#### [RECORDS TO USE]

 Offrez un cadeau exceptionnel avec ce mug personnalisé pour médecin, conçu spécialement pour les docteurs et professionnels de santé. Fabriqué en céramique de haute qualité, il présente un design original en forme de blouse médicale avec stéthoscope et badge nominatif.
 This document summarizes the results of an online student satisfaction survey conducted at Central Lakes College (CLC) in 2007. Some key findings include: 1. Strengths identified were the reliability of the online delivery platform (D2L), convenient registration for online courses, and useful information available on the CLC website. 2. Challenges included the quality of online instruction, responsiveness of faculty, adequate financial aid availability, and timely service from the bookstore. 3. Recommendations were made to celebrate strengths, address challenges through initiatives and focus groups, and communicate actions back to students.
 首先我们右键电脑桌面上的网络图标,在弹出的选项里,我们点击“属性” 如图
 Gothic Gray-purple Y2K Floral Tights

---

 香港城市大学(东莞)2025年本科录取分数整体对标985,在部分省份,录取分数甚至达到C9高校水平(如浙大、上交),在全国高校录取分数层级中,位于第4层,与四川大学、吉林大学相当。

#### [EXERCISE DIRECTIONS]
For the lines above, output exactly those from the line containing "Offrez un cadeau" through the line containing "Gothic Gray-purple Y2K Floral Tights", and skip the others.

#### [COMPLETED EXERCISE]
 Offrez un cadeau exceptionnel avec ce mug personnalisé pour médecin, conçu spécialement pour les docteurs et professionnels de santé. Fabriqué en céramique de haute qualité, il présente un design original en forme de blouse médicale avec stéthoscope et badge nominatif.
 This document summarizes the results of an online student satisfaction survey conducted at Central Lakes College (CLC) in 2007. Some key findings include: 1. Strengths identified were the reliability of the online delivery platform (D2L), convenient registration for online courses, and useful information available on the CLC website. 2. Challenges included the quality of online instruction, responsiveness of faculty, adequate financial aid availability, and timely service from the bookstore. 3. Recommendations were made to celebrate strengths, address challenges through initiatives and focus groups, and communicate actions back to students.
 首先我们右键电脑桌面上的网络图标,在弹出的选项里,我们点击“属性” 如图
 Gothic Gray-purple Y2K Floral Tights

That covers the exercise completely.